Si dice che piccolo è bello, ma non è sempre così perché a volte è più bello essere grandi. Prendiamo il caso della Cantina di Ruvo di Puglia, che va anche sotto il marchio di Terre del Grifo, che dal 1960 opera in provincia di Bari. Con 600 soci, più di 1.000 ettari vitati e la produzione di circa 1,4 milioni di bottiglie l’anno la Cantina di Ruvo rappresenta una grande realtà nel panorama vitivinicolo non solo territoriale. D’altronde è proprio la Puglia la regione  in cui le Cantine Sociali  nel rapporto qualità-prezzo sono da considerarsi molto competitive sul mercato sia interno e sia straniero.

Controetichette vini di Terre del Grifo
Controetichette vini di Terre del Grifo

In più bisogna menzionare i  premi conquistati da questa azienda nel corso degli anni, come recentemente è capitato all’edizione 2017 di Radici del Sud, dove la Cantina di Ruvo di Puglia ha ricevuto due eccellenti riconoscimenti per i suoi vini: il secondo posto con il Terre del Grifo Castel del Monte Rosato Dop 2016 così come si è espressa la giuria dei Wine Writers, miglior rosato del Sud in finale e la prima piazza con l’Augustale Castel del Monte Nero di Troia Riserva Docg 2012, sancita dalla giuria dei Wine Buyers.

Il rosato è stato confezionato soltanto con la tipica varietà locale del bombino nero, particolarmente vocato alla produzione di vini rosé. Acciaio e vetro per la maturazione. Gradazione alcolica di soli undici e mezzo. Prezzo finale della bottiglia di appena 5,00 euro, come volevasi dimostrare.

Colore rosa cerasuolo. Eccellente il profilo aromatico, che mette in mostra profumi di fragoline di bosco, di ciliegia, di melagrana, di tamarindo, di chinotto, di mirto e di rosa canina. Venature sapide e minerali. In bocca entra un sorso leggero, soave, elegante, suadente, cristallino, succoso e morbido.
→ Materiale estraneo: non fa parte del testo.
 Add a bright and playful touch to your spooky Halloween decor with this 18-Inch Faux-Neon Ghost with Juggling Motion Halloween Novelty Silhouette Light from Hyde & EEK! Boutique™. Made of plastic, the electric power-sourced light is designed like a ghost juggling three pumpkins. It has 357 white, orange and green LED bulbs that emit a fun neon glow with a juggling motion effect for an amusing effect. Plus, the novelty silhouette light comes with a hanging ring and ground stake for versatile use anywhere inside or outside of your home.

Esplosione di freschezza al palato.  Finale appagante e rinfrescante. Da associare a piatti leggeri, come minestre, verdure, carni bianche e latticini.
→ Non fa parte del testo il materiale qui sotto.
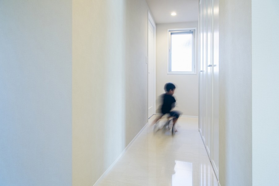 4歳のご長男と2歳のご長女は回遊できる家の廊下で、木製の三輪車に乗り回って遊んでいました。床が傷つかないのか心配になりましたが、

L’Augustale è frutto della vinificazione del nero di troia in purezza. Maturazione in acciaio, legno e boccia. Tasso alcolico di quattordici gradi. Prezzo finale di 9,00 euro.

Colore rubino. Bouquet ampio ed articolato, in cui convergono intensi profumi fruttati di sottobosco, di marasca e di prugna. Non mancano note di viola mammola e di spezie orientali, in particolare la noce moscata ed i chiodi di garofano. Ancora sentori di tabacco, di resina e di erbe balsamiche. L’impatto del sorso sulla lingua dona subito una pertinenza leggermente calda, ma allo stesso tempo anche fresca. Ficcanti e masticabili i tannini. Timbro palatale sapido, polposo, equilibrato e rotondo. Fraseggio gustativo rifinito su rimandi pepati e vanigliati. Slancio finale persistente e leggermente amaricante. Serbevolezza ancora tutta da scoprire. Da preferire su piatti di pasta, spiedini di agnello e formaggi stagionati.

 

Sede a Ruvo di Puglia (Ba) – Via Madonna delle Grazie, 4
Tel. 080 3601611 – Fax 080 3614281
[email protected]www.cantinadiruvodipuglia.it
Enologo: Massimo Tripaldi
Ettari vitati: 1.000 – Bottiglie prodotte: 21.300.000
Vitigni: nero di troia, bombino nero e bianco, moscatello e pampanuto

3 commenti

    Mondelli Francesco

    (29 dicembre 2017 - 13:07)

    Non ho molta esperienza di rosati a base bombino.Che tu sappia viene anche usato nella spumantistica rosata regionale?Sempre grazie per le novità:sei o non sei il nostro inviato speciale in Apulia?Buon anno e…..sempre in forma tacco alto a scorrazzare per lande e Cantine anche nel 18.FM.

    Enrico Malgi

    (29 dicembre 2017 - 16:12)

    Ciao Francesco. Rispondo subito alla tua domanda. Il bombino rosso viene spesso spumantizzato in rosato, perché possiede una bella spalla acida. Per tua informazione mi vengono in mente alcune performance: il Gryfus Easy della stessa Cantina di Ruvo, il Contessa Emanuela di Conti Zecca, lo spumante rosato di Menhir e quello forse più famoso il Pungirosa di Rivera. IL metodo usato normalmente è quello Charmat-Martinotti, per dare così allo spumante più immediatezza e bevibilità. Spero di aver soddisfatto la tua giusta richiesta.

    Enrico Malgi

    (29 dicembre 2017 - 16:24)

    Caro Francesco ti chiedo scusa, ma per rispondere frettolosamente ho commesso due errori pacchiani: Il Contessa Emanuela è dell’azienda Conti Spagnoletti Zeuli e non dei Conti Zecca ed il Pungirosa è un ottimo rosato fermo, di cui varie volte ho avuto occasione di recensirlo. Chiedo venia ai gentili lettori.